准备针对数据库执行的语句,然后针对在序列参数中找到的所有参数映射或序列执行该语句。语句的管理方式与 execute() 方法的管理方式相同。

Thus, using the above two functions, your code becomes:

因此,使用上述两个函数,您的代码变为:

connection_string = "scott/tiger@testdb"
connection = cx_Oracle.Connection(connection_string)
cursor = cx_Oracle.Cursor(connection)
station_id = 'STATION_1'
start_year = 2000

temps = [ 1, 3, 5, 7, 9, 1, 3, 5, 7, 9, 1, 3 ]
precips = [ 2, 4, 6, 8, 2, 4, 6, 8, 2, 4, 6, 8 ]
number_of_years = len(temps) / 12

# list comprehension of dates for the first day of the month
date_values = [datetime.date(start_year + i, j + 1, 1) for i in range(number_of_years) for j in range(12)]

# second argument to executemany() should be of the form:
# [{'1': value_a1, '2': value_a2}, {'1': value_b1, '2': value_b2}]
dict_sequence = [{'1': date_values[i], '2': temps[i], '3': precips[i]} for i in range(1, len(temps))]

sql_insert = 'insert into my_table (id, date_column, temp, precip) values (%s, :1, :2, :3)', station_id)
cursor.prepare(sql_insert)
cursor.executemany(None, dict_sequence)
connection.commit()

Also see Oracle's Mastering Oracle+Pythonseries of articles.

另请参阅 Oracle 的Mastering Oracle+Python系列文章。

回答by Derrick

I would create a large SQL insert statement using union:

我将使用联合创建一个大型 SQL 插入语句:

insert into mytable(col1, col2, col3)
select a, b, c from dual union
select d, e, f from dual union
select g, h, i from dual

You can build the string in python and give it to oracle as one statement to execute.

您可以在 python 中构建字符串并将其作为一个语句提供给 oracle 来执行。

回答by ragerdl

As one of the comments says, consider using INSERT ALL. Supposedly it'll be significantly faster than using executemany().

正如其中一条评论所说,请考虑使用INSERT ALL. 据说它会比使用executemany().

For example:

例如:

INSERT ALL
  INTO mytable (column1, column2, column_n) VALUES (expr1, expr2, expr_n)
  INTO mytable (column1, column2, column_n) VALUES (expr1, expr2, expr_n)
  INTO mytable (column1, column2, column_n) VALUES (expr1, expr2, expr_n)
SELECT * FROM dual;

http://www.techonthenet.com/oracle/questions/insert_rows.php

http://www.techonthenet.com/oracle/questions/insert_rows.php

回答by zhihuifan

fyi my test result:

仅供参考我的测试结果:

I insert into 5000 rows. 3 columns per row.

我插入 5000 行。
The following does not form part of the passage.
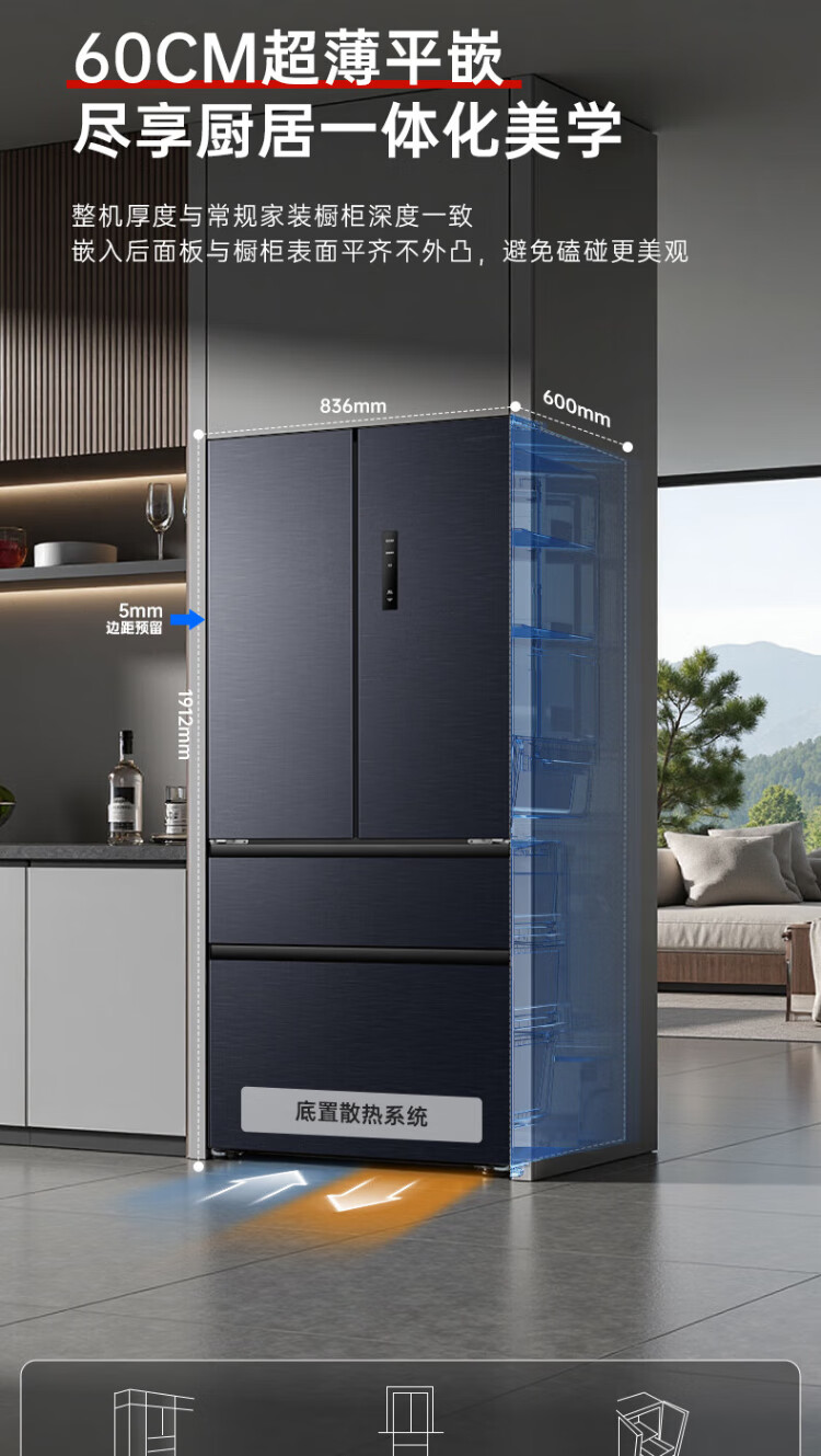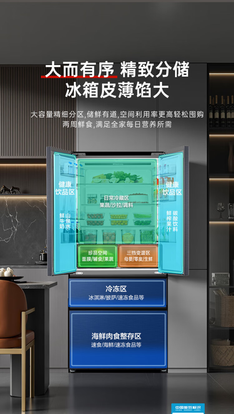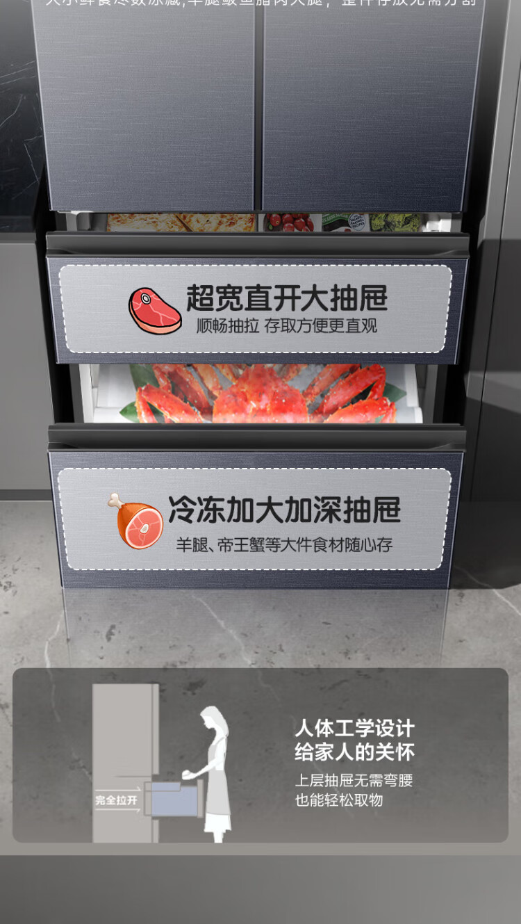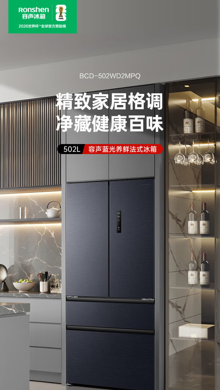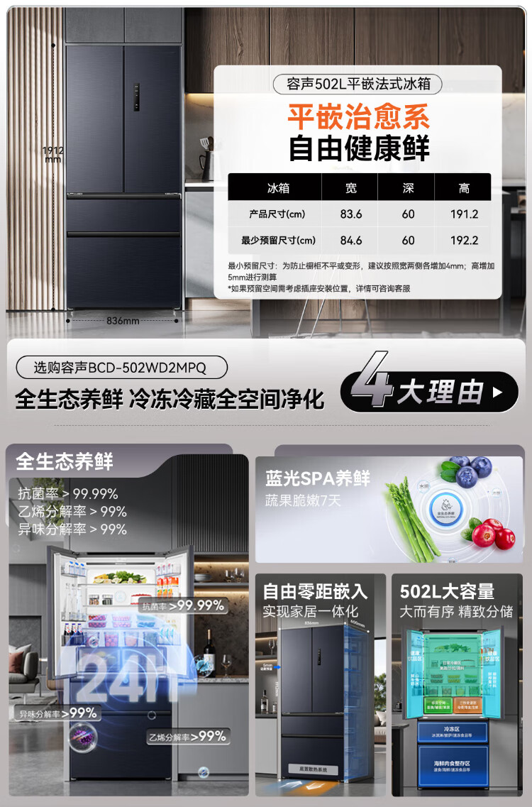 Rongsheng 502-liter French multi-door four-door ultra-thin zero-embedded refrigerator household first-class energy efficiency air-cooled frost-free energy-saving large capacity national subsidy BCD-502WD2MPQ

每行 3 列。

  1. run insert 5000 times, it costs 1.24 minutes.
  2. run with executemany, it costs 0.125 seconds.
  3. run with a insert all code: it costs 4.08 minutes.
  1. 运行 insert 5000 次,花费 1.24 分钟。
  2. 与 executemany 一起运行,花费 0.125 秒。
  3. 使用插入所有代码运行:花费 4.08 分钟。

python code, which setup the sql like insert all into t(a,b,c) select :1, :2, :3 from dual union all select :4, :5: :6 from daul...
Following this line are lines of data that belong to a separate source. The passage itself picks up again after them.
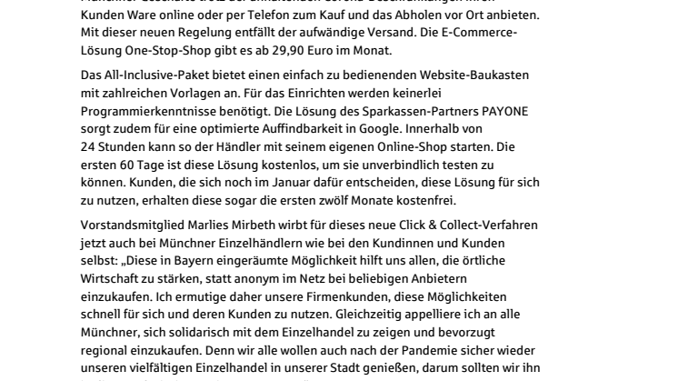 München (sskm). Die Stadtsparkasse München unterstützt den örtlichen Einzelhandel, damit er mit internationalen Online-Plattformen gleichziehen kann. Dazu bietet die Sparkasse ab sofort ihren Firmenkunden eine komfortable E‑Commerce-Lösung an, inklusive aller sicheren Online-Bezahlverfahren, die derzeit gängig sind. Der Freistaat Bayern hat vor kurzem das so genannte Click & Collect Verfahren zugelassen. Damit können die derzeit geschlossenen Münchner Geschäfte trotz der anhaltenden Corona-Beschränkungen ihren Kunden Ware online oder per Telefon zum Kauf und das Abholen vor Ort anbieten. Mit dieser neuen Regelung entfällt der aufwändige Versand. Die E-Commerce-Lösung One-Stop-Shop gibt es ab 29,90 Euro im Monat.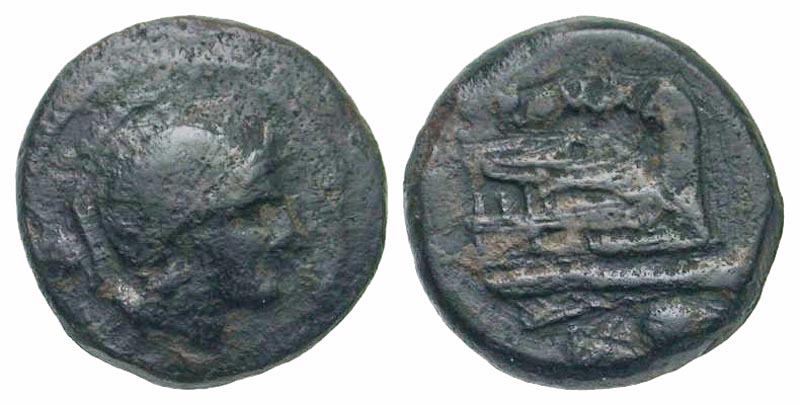Anonymous. after 211 B.C. AE uncia (17.2 mm, 4.13 g, 1 h). Luceria mint. Helmeted head of Roma right; pellet behind / ROMA above, prow of galley right; L and pellet below. Crawford 97/15; Sydenham 178f. Fine. Rare.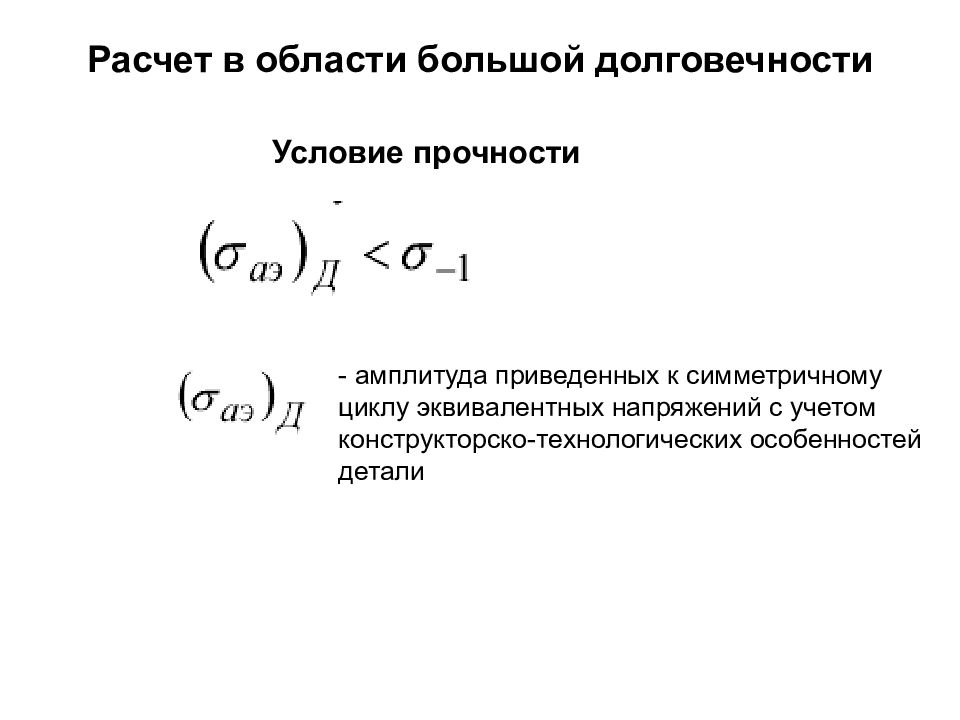 Условие прочности - амплитуда приведенных к симметричному циклу эквивалентных напряжений с учетом конструкторско-технологических особенностей детали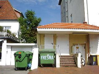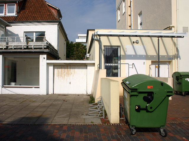 Vor uns der Hintereingang des örtlichen Drogeriemarktes, damals »IhrPlatz«,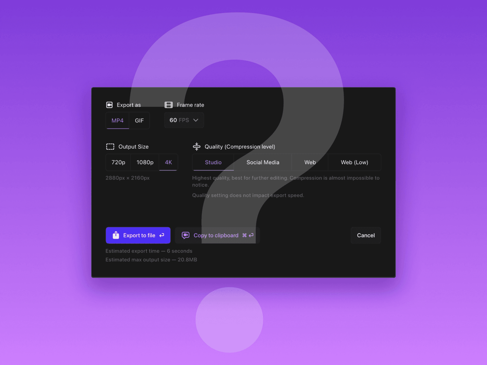 您可以先保存项目,以便稍后进行编辑或导出,也可以将其分享给其他 Screen Studio 用户。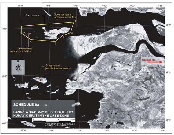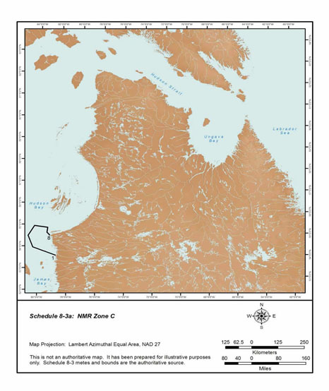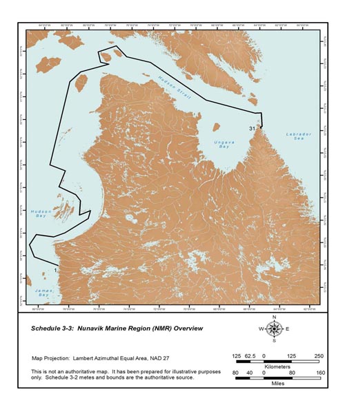 The Nunavik Marine Region portion of the Overlap Area (the NMR Portion as illustrated on Schedule 29-1a), includes all the Nunavut marine area, islands, lands and waters bounded within the following: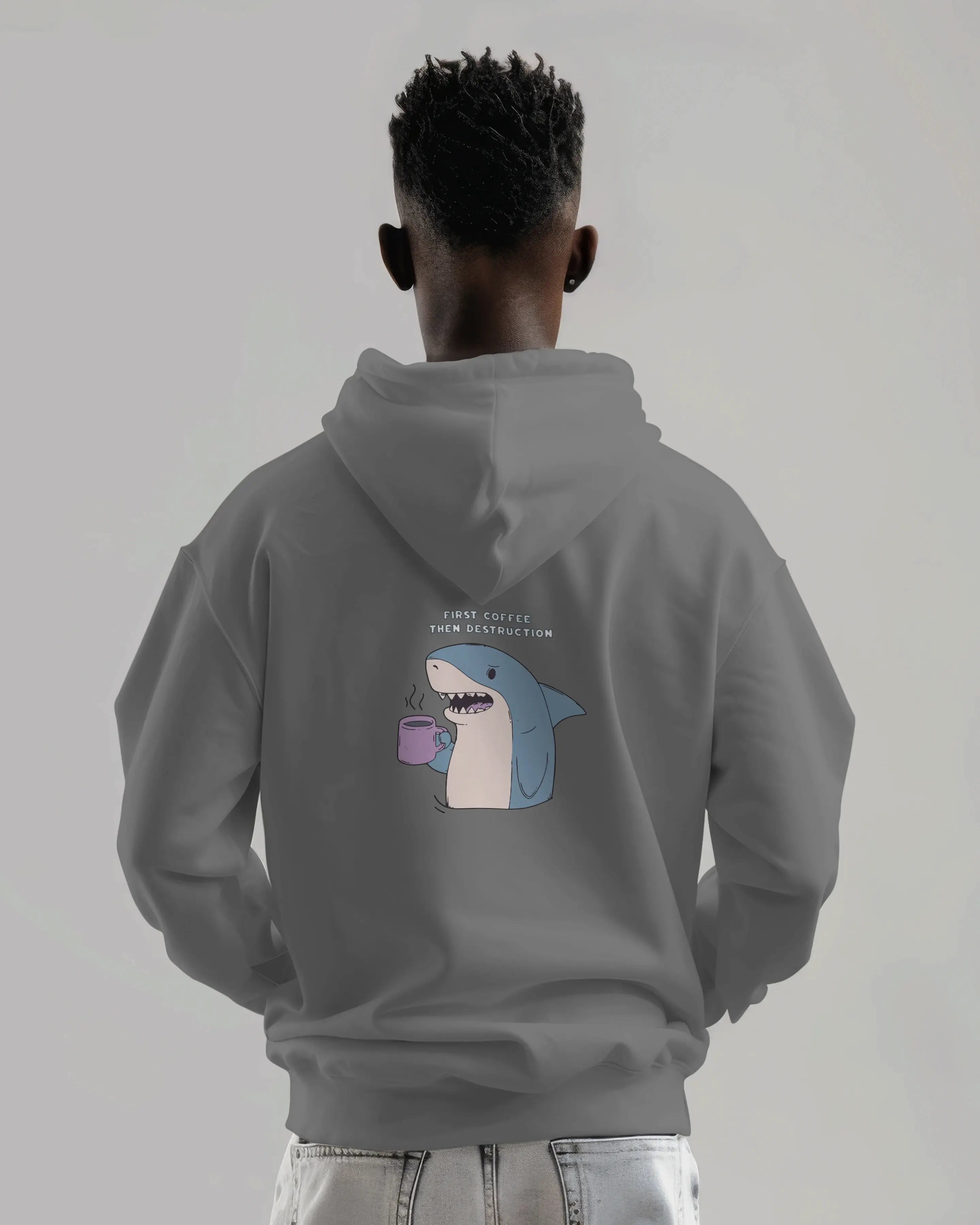 Before you can unleash your day, you need your fuel. This hilarious hoodie is for coffee addicts and ambitious go-getters everywhere. It features a cheerful, slightly maniacal Shark raising a mug with the only acceptable mantra: "FIRST COFFEE THEN DESTRUCTION."

python代码,它设置sql,比如将所有内容插入t(a,b,c) select :1, :2, :3 from dual union all select :4, :5: :6 from daul ...

The python code to setup this long sql, it cost 0.145329 seconds.

设置这个长 sql 的 python 代码,它花费 0.145329 秒。

I test my code on a very old sun machine. cpu: 1415 MH.

我在一台非常旧的 sun 机器上测试我的代码。中央处理器:1415 MH。

in the third case, I checked the database side, the wait event is "SQL*Net more data from client". which means the server is waiting for more data from client.

在第三种情况下,我检查了数据库端,等待事件是“SQL*Net more data from client”。这意味着服务器正在等待来自客户端的更多数据。

The result of the third method is unbelievable for me without the test.

第三种方法的结果在没有测试的情况下对我来说是难以置信的。

so the short suggestion from me is just to use executemany.

所以我的简短建议就是使用 executemany。